Overall, we need a better understanding of the regional and systemic effects of EDTA as a chelation agent in order to properly determine its mechanism of action, and to evaluate in more detail its safety as an irrigation additive for use in wounds. It is important to settle these controversies, because if there is one thing that can be taken from existing literature on irrigation additives, it is that they can have unintended consequences [1, 7, 8].

How Do We Get There?

Researchers should perform additional animal studies in order to establish a safety plan before performing large comparative studies in humans. Further rat studies with other bacterial species and polymicrobial contamination would help determine the ability of EDTA to disrupt adhesion in different kinds of bacterial infections. Studies with established large-animal wound models may help us better understand the influence of EDTA irrigation in animals similar to humans [7]. Genetically altered luminescent bacteria allow for the quantification of bacteria without tissue sampling in large open wounds using photon-counting cameras, and the evaluation for bacterial regrowth after irrigation [7]. This is important for effectiveness, but also for the ideal timing of sequential débridement irrigation [7].

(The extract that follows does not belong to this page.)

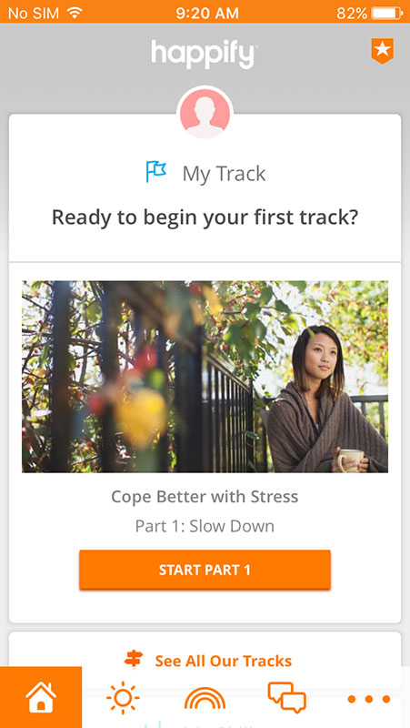Happify app is designed to improve mental health by acting as a guided journal to help users uplift themselves from anxiety, depression, negative thoughts, and the struggles of daily life.

The safety of normal saline-EDTA for use in large wounds will also need to be evaluated using animals prior to human studies. Normal saline-EDTA has already been used routinely in dental practice (endodontics) and veterinary practice (irrigation of ears of dogs), [5, 6] but it has not been used in studies with high-volume irrigation and large-body surface area. Large animal studies with intraperitoneal and/or extensive intramuscular irrigation of EDTA could be combined with venous sampling to help determine the serum levels of calcium, magnesium, and zinc following irrigation. Local tissue samples may also be assessed for their histological appearance and local calcium concentrations.

Research that compares irrigation fluids in a study like the multicenter, blinded Fluid Lavage of Open Wounds investigation [8], which examined the impact of irrigation fluids, could show a difference in infection or rate of reoperation. This type of study should determine which concentration of EDTA is most appropriate, and whether there are any potential risks of application of EDTA over large wounds. The cost of preparation, storage, and safe administration of normal saline-EDTA will also need to be balanced against the effectiveness of the additive to determine whether it is appropriate for broad clinical use.